O campo brasileiro está se configurando num espaço privilegiado para o avanço dos grandes projetos de produção de energia

Edtorial ed. 479 - Brasil de Fato


Criada em 1922, enquanto estatal argentina com vocação para contribuir decisivamente com o desenvolvimento nacional, a YPF foi privatizada em 1992 durante a ofensiva neoliberal que tomou conta da América Latina. A recente iniciativa do governo argentino, comandado pela presidenta Cristina Kirchner, encaminhando a expropriação de 51% das ações da petroleira YPF representa mais uma derrota do neoliberalismo. Aliás, essa importante medida é amplamente apoiada pela sociedade argentina e busca garantir a soberania nacional.

As privatizações provocaram o efeito perverso de desnacionalizar as economias latino-americanas. No caso argentino, durante o ano de 2011, foi a primeira vez, nos últimos dezessete anos, que nossos vizinhos tiveram que importar petróleo e gás. Isso ocorreu porque a exploração desses recursos naturais estratégicos estava sob o controle do capital privado, a transnacional Repsol que transferia grande parte de seus lucros astronômicos para a matriz espanhola e não fazia investimentos sufi cientes no setor de petróleo e gás. É sabido por todos que o controle dos recursos naturais estratégicos pela sociedade e pelo Estado é fundamental para a soberania política e econômica de qualquer país. Um bom exemplo é o desafio da industrialização, pois os recursos naturais influenciam diretamente nos custos de produção. Não é por acaso que diante da atual crise econômica mundial, as transnacionais buscam a todo custo obter o controle dos recursos naturais. Diante das incertezas da crise econômica, comprar terras, reservatórios aquíferos, florestas e recursos minerais significa se apropriar de reservas de valores que dão maior estabilidade para os capitalistas.

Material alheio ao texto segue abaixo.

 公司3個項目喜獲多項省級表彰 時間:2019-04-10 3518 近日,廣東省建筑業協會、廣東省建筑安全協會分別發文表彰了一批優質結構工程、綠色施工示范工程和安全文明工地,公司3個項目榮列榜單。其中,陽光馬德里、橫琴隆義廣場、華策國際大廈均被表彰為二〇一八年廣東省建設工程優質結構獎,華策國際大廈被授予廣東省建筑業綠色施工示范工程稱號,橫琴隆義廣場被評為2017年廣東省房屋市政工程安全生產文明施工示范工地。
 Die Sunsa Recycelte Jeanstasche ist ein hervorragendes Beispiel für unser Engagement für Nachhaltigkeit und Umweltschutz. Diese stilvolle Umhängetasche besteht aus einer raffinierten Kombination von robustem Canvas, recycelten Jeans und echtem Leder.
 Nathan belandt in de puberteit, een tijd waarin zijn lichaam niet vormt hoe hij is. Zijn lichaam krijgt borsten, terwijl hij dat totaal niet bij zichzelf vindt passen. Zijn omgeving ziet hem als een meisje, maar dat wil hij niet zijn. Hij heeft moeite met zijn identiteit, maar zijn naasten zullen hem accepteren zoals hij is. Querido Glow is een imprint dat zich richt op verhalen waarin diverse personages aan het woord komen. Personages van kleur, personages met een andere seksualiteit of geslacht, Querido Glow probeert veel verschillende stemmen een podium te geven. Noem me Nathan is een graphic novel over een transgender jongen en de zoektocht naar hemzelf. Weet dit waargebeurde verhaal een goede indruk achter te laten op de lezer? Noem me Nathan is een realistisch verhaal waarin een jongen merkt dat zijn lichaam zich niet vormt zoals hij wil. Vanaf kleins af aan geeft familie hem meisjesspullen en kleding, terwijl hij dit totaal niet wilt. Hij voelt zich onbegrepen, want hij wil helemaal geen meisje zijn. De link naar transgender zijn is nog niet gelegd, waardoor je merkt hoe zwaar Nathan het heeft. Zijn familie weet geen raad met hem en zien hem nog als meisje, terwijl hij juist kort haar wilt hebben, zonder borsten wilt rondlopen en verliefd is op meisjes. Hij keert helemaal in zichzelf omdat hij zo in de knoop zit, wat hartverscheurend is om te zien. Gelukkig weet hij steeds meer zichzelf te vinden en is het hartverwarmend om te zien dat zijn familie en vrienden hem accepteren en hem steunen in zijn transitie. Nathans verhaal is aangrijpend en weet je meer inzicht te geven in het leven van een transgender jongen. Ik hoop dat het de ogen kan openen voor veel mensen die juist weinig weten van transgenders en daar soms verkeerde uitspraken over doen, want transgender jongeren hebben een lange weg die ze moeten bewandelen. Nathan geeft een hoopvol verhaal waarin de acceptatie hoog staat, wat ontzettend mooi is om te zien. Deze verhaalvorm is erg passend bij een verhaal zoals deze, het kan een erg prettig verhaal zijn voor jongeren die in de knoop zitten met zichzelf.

As grandes transnacionais do capitalismo contemporâneo entendem os recursos naturais como commodities à disposição do livre mercado. As lutas dos povos latino-americanos têm expressado outra concepção. Uma compreensão fundada na utilização sustentável dos recursos naturais a serviço da vida dos povos e dos interesses nacionais. Um dos objetivos centrais do governo argentino com a retomada do controle da YPF é mudar o seu modelo energético para que funcione de acordo com os interesses nacionais. Uma mudança estrutural dessa magnitude não se concretiza sem o controle dos recursos naturais estratégicos pelo Estado. Consequentemente, esse controle não se viabiliza se o governo e a sociedade não enfrentarem os interesses das empresas transnacionais.

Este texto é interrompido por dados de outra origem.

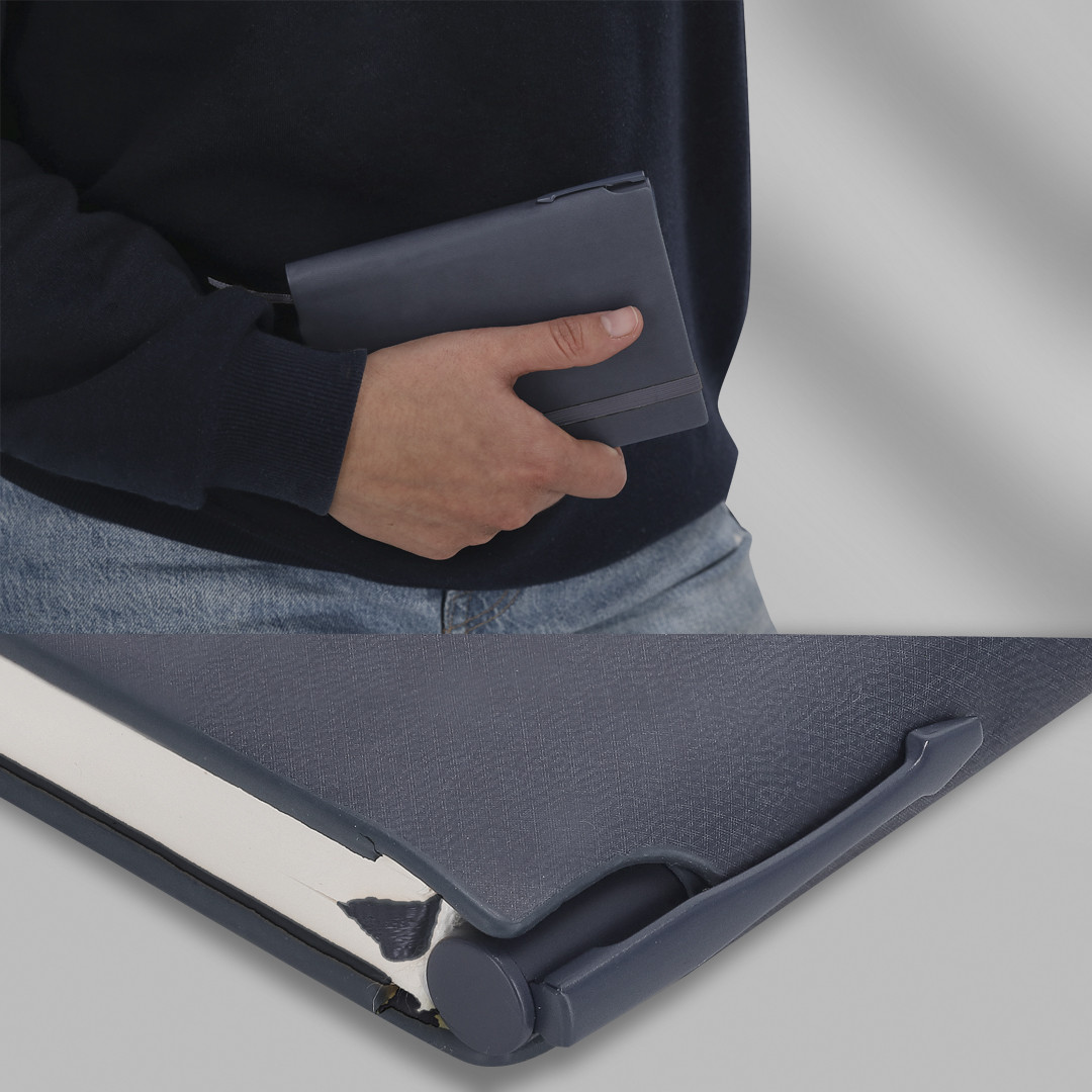El bloc dispone de un espacio para guardar el bolígrafo pudiendo llevarlo todo en un mismo sitio.
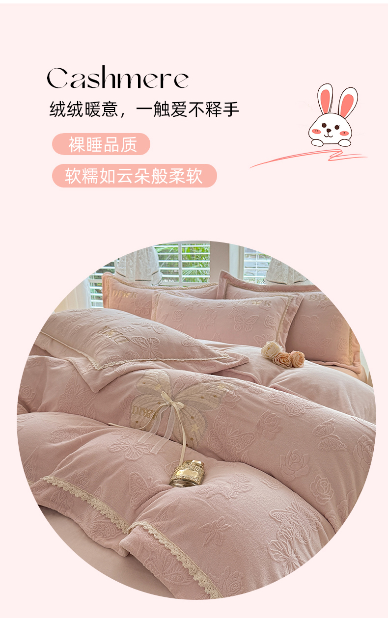 (总)艾唯希家纺 2025新款小兔毛全消光牛奶绒工艺四件套-绒樱桃系列,绒樱桃-粉,绒樱桃-驼
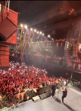 وفي لفتة وطنية مميزة رفع حماقي علم فلسطين في حفل نيويورك، وسط شعارات الجمهور “فلسطين حرة، بالروح بالدم نفديكي يافلسطين”.
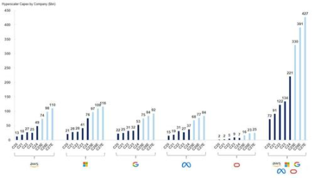 人工知能(AI)関連分野も力強い勢いを見せています。スキアボーネ氏の推計によると、米国のハイパースケールデータセンター事業者の総設備投資額は、2022~2024年度に約4,770億米ドルに達し、2025~2027年度には1兆1,500億米ドルに増加すると予想されており、将来の技術に対する確固たる自信を浮き彫りにしています。

No caso brasileiro, infelizmente nosso modelo energético continua a serviço do grande capital em detrimento dos interesses do povo. Formou-se um modelo marcado pela aliança entre o Estado e o grande capital privado. O campo brasileiro está se configurando num espaço privilegiado para o avanço dos grandes projetos de produção de energia. Nada mais é do que o Estado brasileiro transferindo mais-valia social para o grande capital, degradando os recursos naturais e deixando um legado de milhões de pessoas atingidas por barragens.

As forças populares devem aproveitar o exemplo argentino para se mobilizar e pressionar o governo Dilma a mudar o atual modelo energético. Por isso, é importante pautarmos outro tipo de planejamento para o setor de energia baseado no controle estatal com participação popular; no uso sustentável dos recursos naturais; no direcionamento da energia para a produção camponesa; no respeito aos direitos das populações indígenas e quilombolas; na efetivação de uma política de Estado que regulamente os direitos dos atingidos por barragens; na aplicação de uma política de preços populares para as tarifas de energia; no fortalecimento do papel das estatais no desenvolvimento nacional; no controle estatal e popular da exploração dos recursos minerais, da Petrobras e do pré-sal, priorizando o direcionamento de seus ganhos para o investimento em educação; na garantia de direitos dos trabalhadores do setor energético.

Emergencialmente, é necessário que a presidenta Dilma utilize seu poder de veto e não aceite as mudanças no Código Florestal que foram impostas pelos ruralistas. A base jurídica que regulamenta o modelo energético brasileiro serve aos interesses neoliberais. Precisamos de um novo marco regulatório que sirva aos interesses do povo brasileiro. Esse conjunto de medidas, que dependem da mobilização popular e do compromisso de um conjunto de organizações políticas, lançaria as bases para a construção de um Projeto Energético Popular.

Na verdade, não são somente modelos energéticos diferentes. Antes de tudo, são projetos políticos diferentes em disputa. O dogma de que o livre mercado é o melhor caminho para a organização da sociedade está sendo desautorizado pela História. O neoliberalismo está sofrendo um cerco. Está sangrando. Cabe às forças populares aproveitarem esse momento em que o inimigo está encurralado para apresentar uma alternativa que consiga dialogar com o nível de consciência das massas, fundada em reformas estruturais na sociedade.